Activity
Please print the full listing below exactly, but not the pictures in it.

Raw data section start

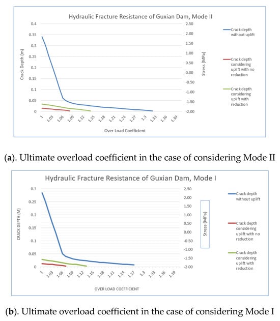 The analysis results indicate that Mode I (tensile failure) poses a higher risk to the Guxian dam compared to Mode II (shear failure). The ultimate overload coefficient without considering uplift, which represents the dam’s resistance to hydraulic fracture, is lower in Mode I (1.27) than in Mode II (1.32). This confirms that the dam has more resistance to hydraulic fracture in Mode II, supporting the theory that tensile stresses, which dominate Mode I, lead to a weaker overall resistance. The higher fracture energy observed in Mode II compared to Mode I can be attributed to the fundamental mechanisms of crack propagation in concrete. Mode I, the tensile opening mode, typically initiates a relatively clean crack (the crack tends to open directly and smoothly) with minimal resistance once the tensile strength is exceeded. By contrast, Mode II involves in-plane shear displacement along the crack surface, which engages a wider fracture process zone. Within this zone, several energy-absorbing mechanisms become active, including the formation of inclined tensile microcracks, sliding, and friction between aggregate particles, and the interlock of rough crack surfaces. These mechanisms significantly increase the energy required for the crack to propagate in shear. Aggregate interlock plays a particularly crucial role, as the asperities along the crack faces generate frictional resistance that must be overcome for sliding to occur. Additionally, the presence of residual cohesion across the crack plane further contributes to Mode II’s higher fracture toughness. These factors collectively result in fracture energies for Mode II that are typically 20 to 25 times greater than those for Mode I, as documented in the studies by [,]. This theoretical understanding aligns with the current study’s numerical results, where the ultimate overload coefficient in Mode II was higher, indicating greater resistance to hydraulic fracture in shear-dominated failure scenarios. The lower ultimate overload coefficient for Mode I reflects the increased vulnerability of the dam to crack initiation and propagation under tensile stress, making Mode I the more critical failure mode. Both modes of failure can happen together, but usually Mode I has the higher possibility to occur first, and in different locations, and could expose more risk to the dam safety.
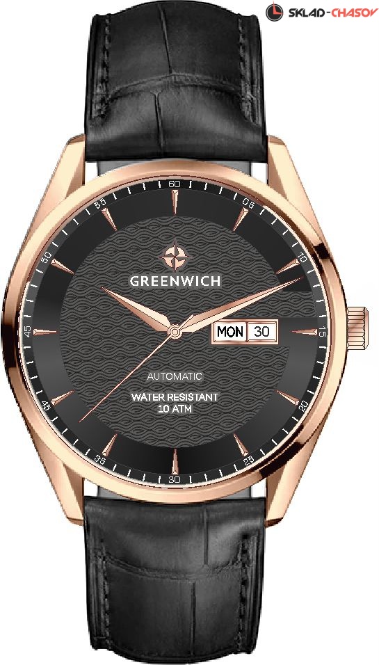 Серия Good Luck Classic входит в коллекцию автоматических часов бренда Greenwich. Классический корпус диаметром 42 мм с PVD-покрытием из розового золота и безелем с зеркальной полировкой обрамляет черный циферблат часов. В центральной части циферблата — отличительная черта моделей этой серии: гильоше, объемные линии которого напоминают волны. Обратите внимание на форму пластины, где крепятся накладные риски: она сделана в форме латинской буквы G, первой буквы в названии бренда. Водостойкость равна 10 атмосфер: в этих часах можно плавать. Сквозь прозрачную заднюю крышку вы увидите детали механизма TMI с декорированным ротором: на нем выгравировано изображение символа английских моряков — парусника. Ремешок черного цвета выполнен из натуральной кожи с прошивкой в тон. Дизайн, актуальный для любого современного образа, и надежность используемых материалов делают автоматические часы Greenwich удобным и стильным аксессуаром на каждый день.
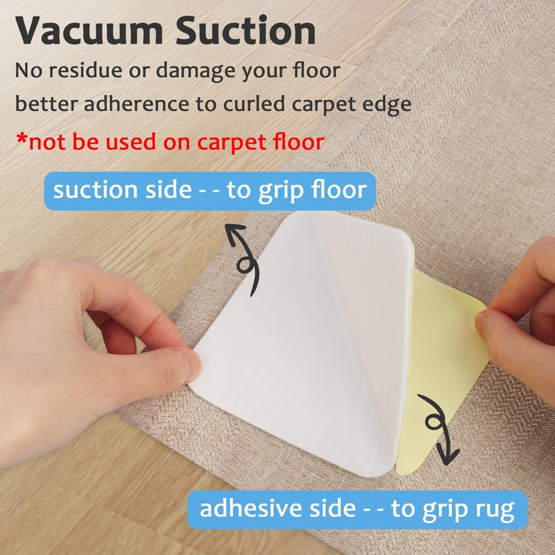 - EASY TO INSTALL AND REMOVE: The rug pad grippers are made with unique vacuum technology, simply peel off the adhesive backing sticker and stick the carpet clips to your carpet, they can be easily peeled off your floor when needed without damaging your floor.
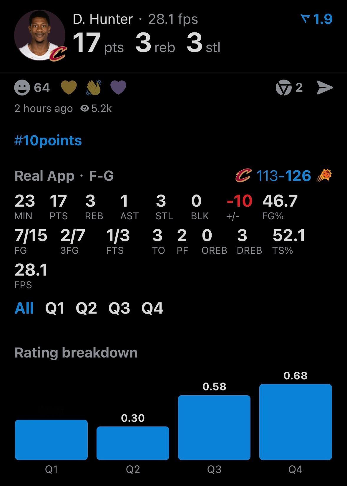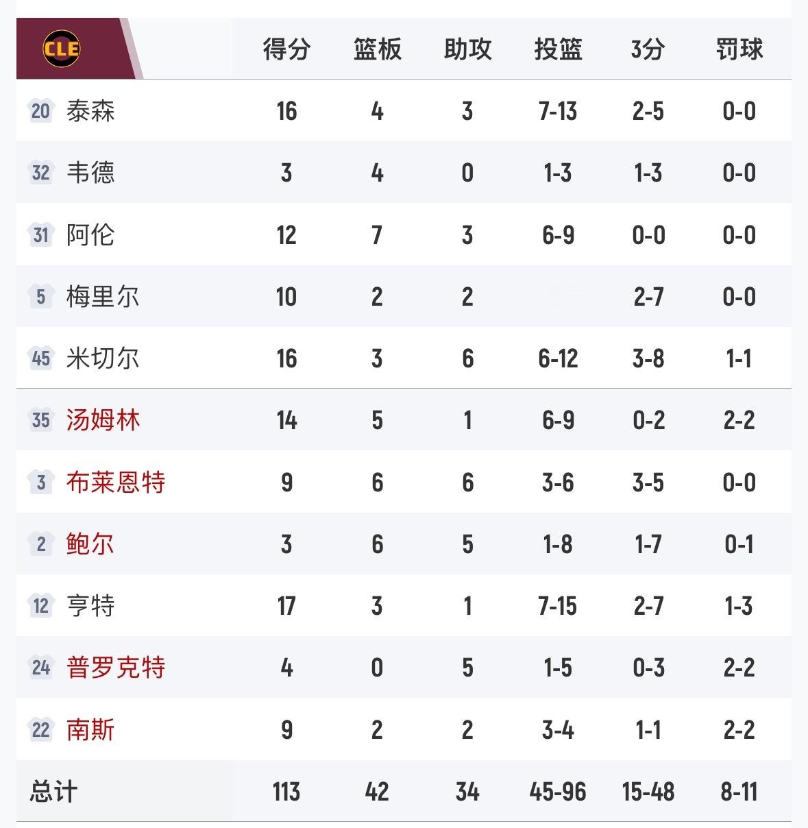 骑士客场不敌太阳,亨特17分3板3抢断3失误,投篮15投7中,三分7中2。

Raw data section end

Solution for this task
 The analysis results indicate that Mode I (tensile failure) poses a higher risk to the Guxian dam compared to Mode II (shear failure). The ultimate overload coefficient without considering uplift, which represents the dam’s resistance to hydraulic fracture, is lower in Mode I (1.27) than in Mode II (1.32). This confirms that the dam has more resistance to hydraulic fracture in Mode II, supporting the theory that tensile stresses, which dominate Mode I, lead to a weaker overall resistance. The higher fracture energy observed in Mode II compared to Mode I can be attributed to the fundamental mechanisms of crack propagation in concrete. Mode I, the tensile opening mode, typically initiates a relatively clean crack (the crack tends to open directly and smoothly) with minimal resistance once the tensile strength is exceeded. By contrast, Mode II involves in-plane shear displacement along the crack surface, which engages a wider fracture process zone. Within this zone, several energy-absorbing mechanisms become active, including the formation of inclined tensile microcracks, sliding, and friction between aggregate particles, and the interlock of rough crack surfaces. These mechanisms significantly increase the energy required for the crack to propagate in shear. Aggregate interlock plays a particularly crucial role, as the asperities along the crack faces generate frictional resistance that must be overcome for sliding to occur. Additionally, the presence of residual cohesion across the crack plane further contributes to Mode II’s higher fracture toughness. These factors collectively result in fracture energies for Mode II that are typically 20 to 25 times greater than those for Mode I, as documented in the studies by [,]. This theoretical understanding aligns with the current study’s numerical results, where the ultimate overload coefficient in Mode II was higher, indicating greater resistance to hydraulic fracture in shear-dominated failure scenarios. The lower ultimate overload coefficient for Mode I reflects the increased vulnerability of the dam to crack initiation and propagation under tensile stress, making Mode I the more critical failure mode. Both modes of failure can happen together, but usually Mode I has the higher possibility to occur first, and in different locations, and could expose more risk to the dam safety.
 Серия Good Luck Classic входит в коллекцию автоматических часов бренда Greenwich. Классический корпус диаметром 42 мм с PVD-покрытием из розового золота и безелем с зеркальной полировкой обрамляет черный циферблат часов. В центральной части циферблата — отличительная черта моделей этой серии: гильоше, объемные линии которого напоминают волны. Обратите внимание на форму пластины, где крепятся накладные риски: она сделана в форме латинской буквы G, первой буквы в названии бренда. Водостойкость равна 10 атмосфер: в этих часах можно плавать. Сквозь прозрачную заднюю крышку вы увидите детали механизма TMI с декорированным ротором: на нем выгравировано изображение символа английских моряков — парусника. Ремешок черного цвета выполнен из натуральной кожи с прошивкой в тон. Дизайн, актуальный для любого современного образа, и надежность используемых материалов делают автоматические часы Greenwich удобным и стильным аксессуаром на каждый день.
 - EASY TO INSTALL AND REMOVE: The rug pad grippers are made with unique vacuum technology, simply peel off the adhesive backing sticker and stick the carpet clips to your carpet, they can be easily peeled off your floor when needed without damaging your floor.
 骑士客场不敌太阳,亨特17分3板3抢断3失误,投篮15投7中,三分7中2。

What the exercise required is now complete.